REQUIREMENT: Copy exactly the lines of the material below that run from the one containing "For virtual production" through the one containing "Stanisław Wyspiański - Macierzyństwo". Copy no other lines.

MATERIALS PROVIDED:
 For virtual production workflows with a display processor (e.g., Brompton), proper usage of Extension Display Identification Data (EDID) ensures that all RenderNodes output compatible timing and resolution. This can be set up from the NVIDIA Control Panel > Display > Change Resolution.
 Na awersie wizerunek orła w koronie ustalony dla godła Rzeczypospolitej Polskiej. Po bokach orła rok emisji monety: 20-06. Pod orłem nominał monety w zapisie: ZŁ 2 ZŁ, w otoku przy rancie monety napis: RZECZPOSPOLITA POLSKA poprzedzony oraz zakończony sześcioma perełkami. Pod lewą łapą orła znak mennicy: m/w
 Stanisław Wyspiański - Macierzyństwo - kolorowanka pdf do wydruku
...
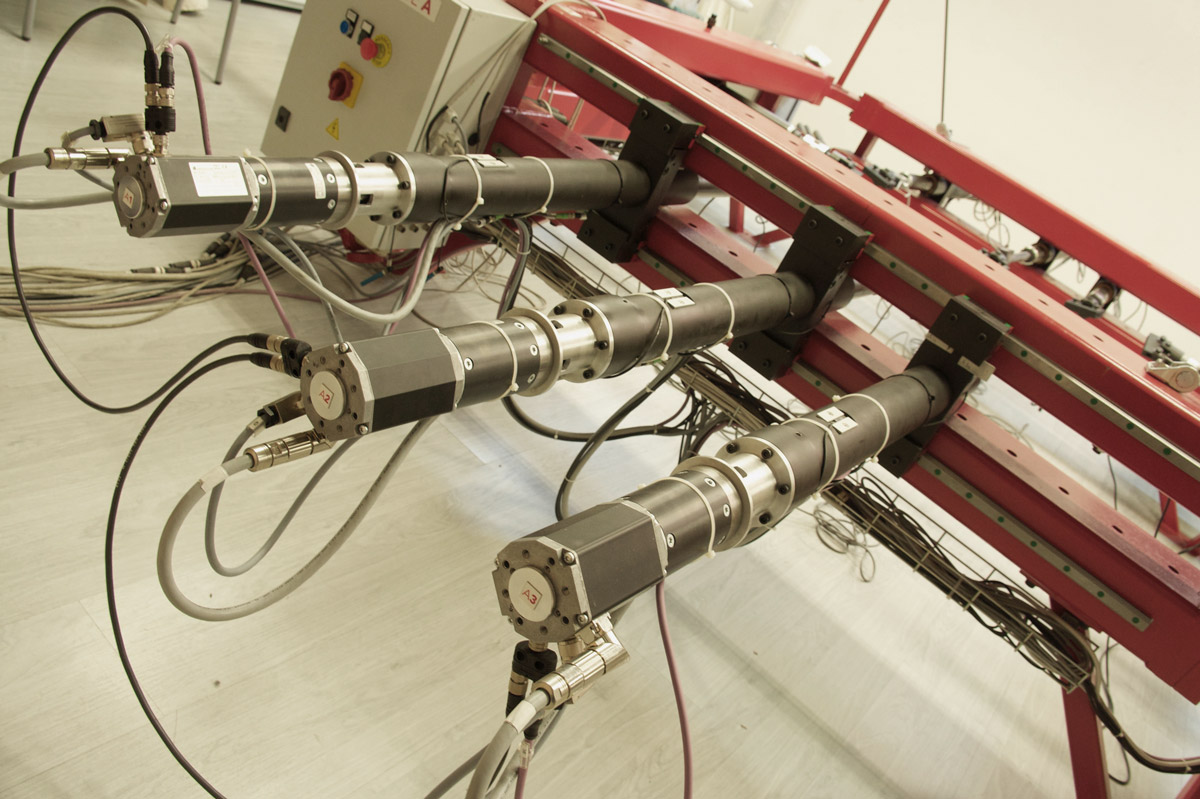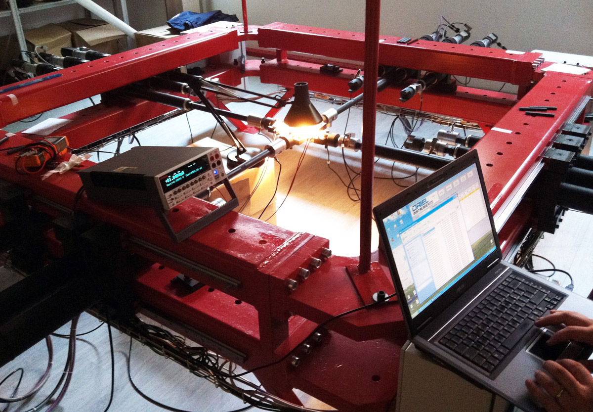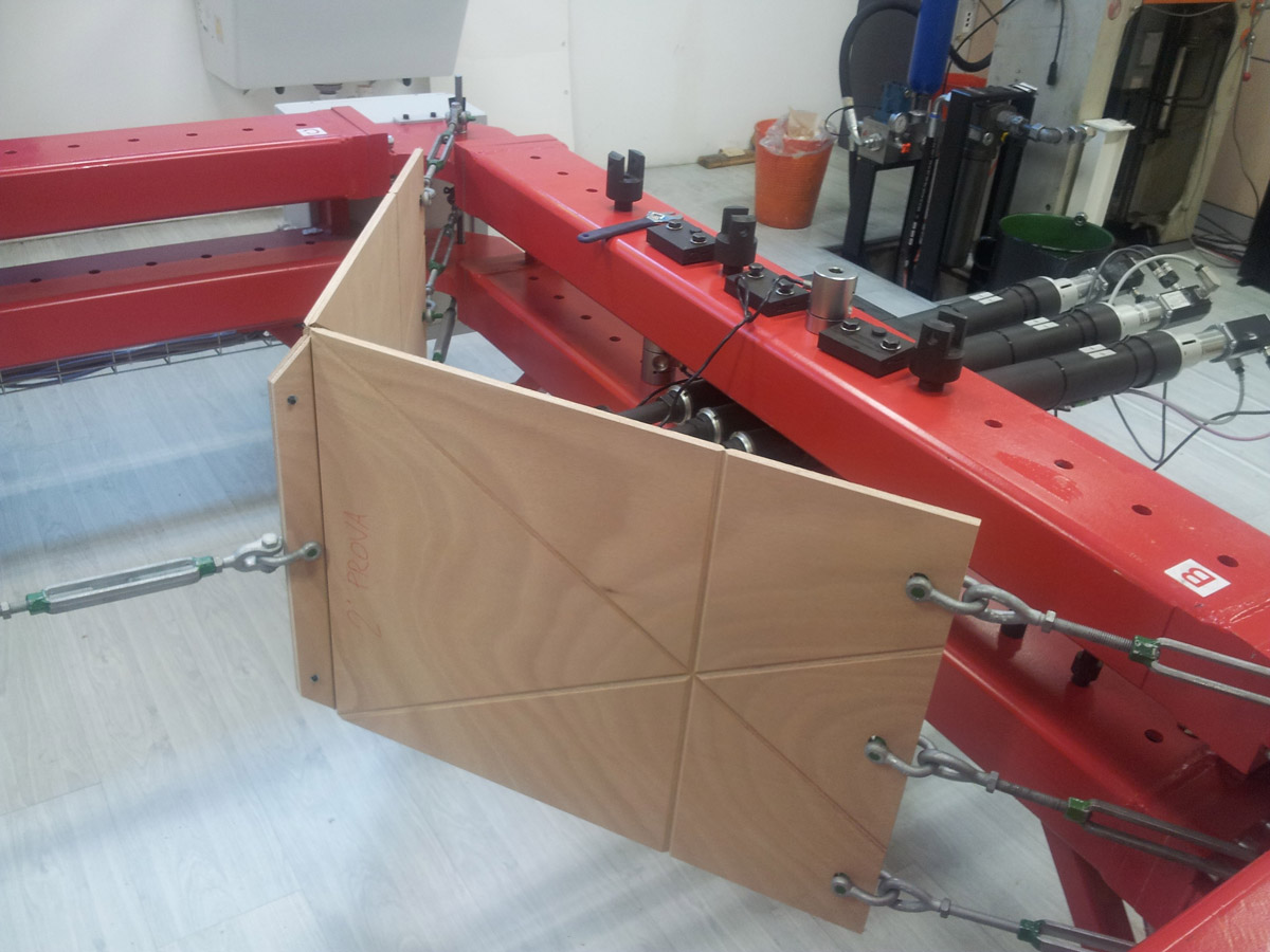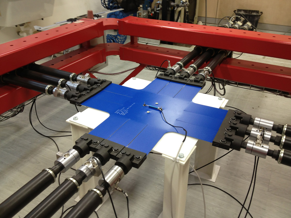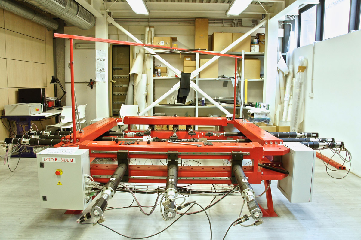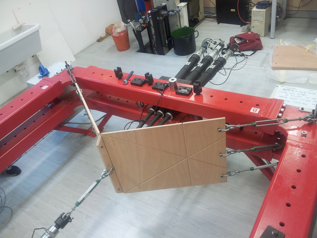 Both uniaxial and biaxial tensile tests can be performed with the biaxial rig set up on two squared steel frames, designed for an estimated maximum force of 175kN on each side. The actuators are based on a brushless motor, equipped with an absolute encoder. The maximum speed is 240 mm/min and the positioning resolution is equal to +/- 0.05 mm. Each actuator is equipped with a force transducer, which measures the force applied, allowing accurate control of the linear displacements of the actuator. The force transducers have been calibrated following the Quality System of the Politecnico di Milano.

ANSWER AREA:
 For virtual production workflows with a display processor (e.g., Brompton), proper usage of Extension Display Identification Data (EDID) ensures that all RenderNodes output compatible timing and resolution. This can be set up from the NVIDIA Control Panel > Display > Change Resolution.
 Na awersie wizerunek orła w koronie ustalony dla godła Rzeczypospolitej Polskiej. Po bokach orła rok emisji monety: 20-06. Pod orłem nominał monety w zapisie: ZŁ 2 ZŁ, w otoku przy rancie monety napis: RZECZPOSPOLITA POLSKA poprzedzony oraz zakończony sześcioma perełkami. Pod lewą łapą orła znak mennicy: m/w
 Stanisław Wyspiański - Macierzyństwo - kolorowanka pdf do wydruku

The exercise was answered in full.